-- EXERCISE DATA follows --

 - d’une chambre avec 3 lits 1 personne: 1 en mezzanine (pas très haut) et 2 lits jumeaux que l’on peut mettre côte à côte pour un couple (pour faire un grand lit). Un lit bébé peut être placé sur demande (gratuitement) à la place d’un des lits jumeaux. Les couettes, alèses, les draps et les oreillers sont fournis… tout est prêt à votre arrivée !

-- EXERCISE DATA concluded --
-- EXERCISE DATA follows --

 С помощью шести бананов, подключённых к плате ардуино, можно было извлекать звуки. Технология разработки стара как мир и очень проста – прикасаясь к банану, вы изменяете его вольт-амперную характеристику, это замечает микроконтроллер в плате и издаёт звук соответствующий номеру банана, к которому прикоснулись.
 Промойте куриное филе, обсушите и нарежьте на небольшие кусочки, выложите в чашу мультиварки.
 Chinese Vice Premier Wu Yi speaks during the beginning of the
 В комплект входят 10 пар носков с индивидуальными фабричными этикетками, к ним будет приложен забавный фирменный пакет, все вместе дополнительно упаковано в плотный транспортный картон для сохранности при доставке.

-- EXERCISE DATA concluded --

→ **WORK INSTRUCTION**:
Could you reproduce exactly the lines of the entries above, from the one with "Chinese Vice Premier" through the one with "В комплект входят", and nothing else?

→ **ANSWER TO THE EXERCISE**:
 Chinese Vice Premier Wu Yi speaks during the beginning of the
 В комплект входят 10 пар носков с индивидуальными фабричными этикетками, к ним будет приложен забавный фирменный пакет, все вместе дополнительно упаковано в плотный транспортный картон для сохранности при доставке.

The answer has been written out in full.